You cannot be fearful of commitments because they require some effort and work. In fact, when you are with the right partner, compromise does not feel like an effort. It is better to have someone by your side than to fight those battles alone.

2. Do not fear the label

It can be difficult to be typecast into stereotypes. But it is ok to be labeled as someone’s “boyfriend” or “girlfriend”. Making it official or declaring your relationship does not take your personality away from you. In fact, it adds to who you are.

3. You can still remain wild and young, even with a relationship

Often, such independent folks fear giving up their independent and reckless lives. They fight to keep the inner child alive. However, it is also possible to remain young and spirited if you find the right partner. In fact, the partner can help you live life more fully and remain young forever.

4. Do not get stuck in the past

You may have a negative experience in the past, but all people are not same.
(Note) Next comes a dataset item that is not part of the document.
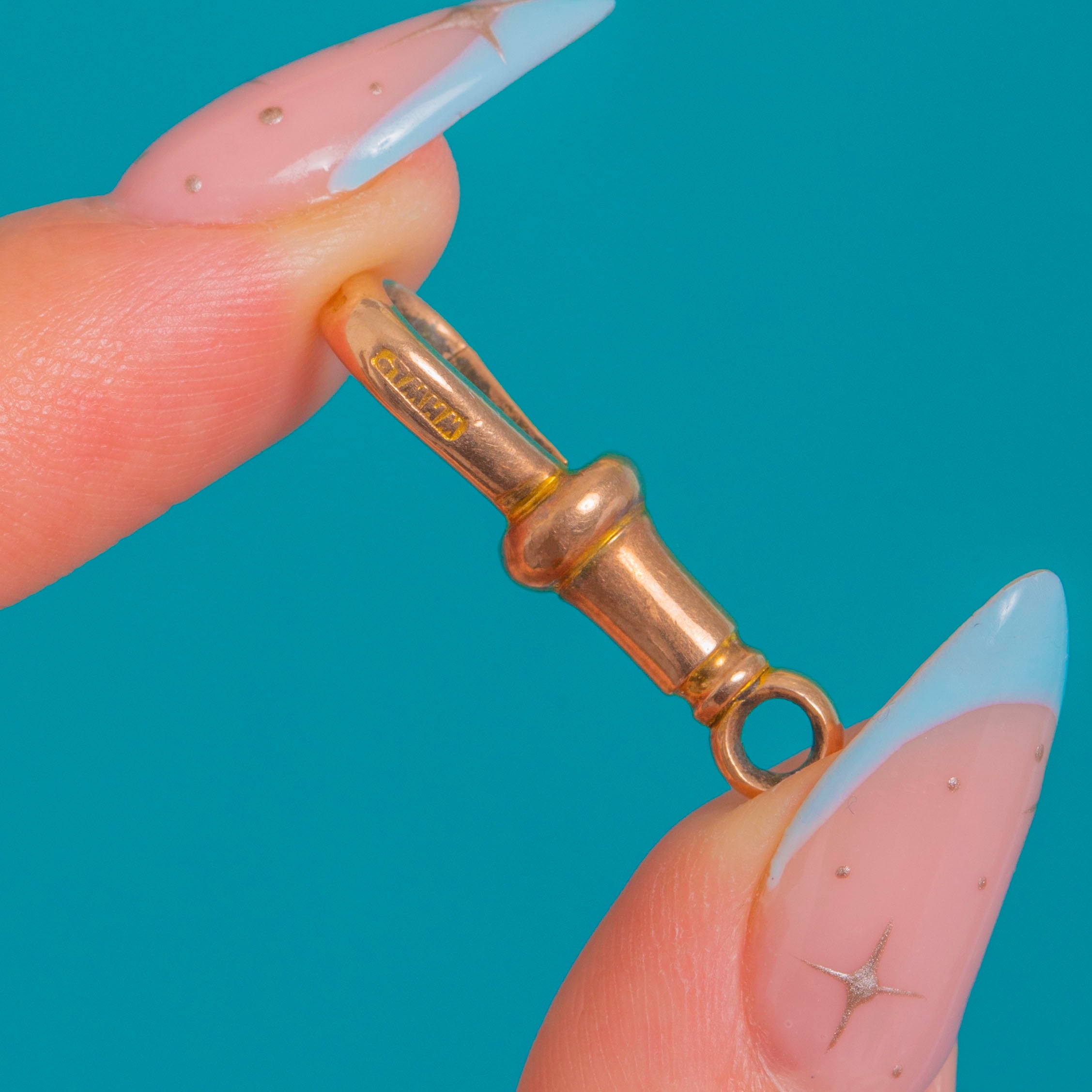 A classic Victorian dog-clip in 9ct Gold, elegantly engineered with a turned barrel, subtle banding and a sleek teardrop gate. Its warm, slightly rosy hue and polished finish lend effortless refinement to any chain.

It is understandable you do not want to get hurt again, but you only get wiser with experiences. So, step out and try that new relationship.

5. Love does not always come with boundaries

You may have found the perfect balance in your life. Any change in lifestyle or getting out of your comfort zone is understandably uncomfortable; But keep an open mind, relationships are made possible by people and neither of them have rule book nor exact boundaries.

6. Not everyone is shallow or selfish

You have become so tough, inside and outside, because you have realized that the world moves on the principle of individualism. However, if you think with a fresh perspective, you may realize that love is an actual possibility. You may be with someone who thinks like you do, and is not shallow or selfish.

7. Even introverts fall in love

When you grow up an introvert or a loner, you are typecast into those quiet brooding category, who prefer to be by themselves. But it is a misconception to think that introverts do not believe in love. They just express themselves and their feelings in a different way and also opening up to someone takes a longer time for them than an extrovert or happy-go-lucky.

8. Love yourself

Being in a relationship does not mean you are worth any less. Like Osho said, your cup of love has to be full and then overflow, for you to spread affection and happiness. So keep your cup full of love. You can alway work out a ‘me time’ for yourself and run existential questions in your mind or just take a walk in park!

9. Know your priorities

Work, career, living in particular city may be your current priority and the reason behind Commitmentphobia; but as time passes, you’ll start to notice friends have moved on and your office doesn’t care how what you sacrificed. Think of the larger perspective in life as having the right companion has life time benefits.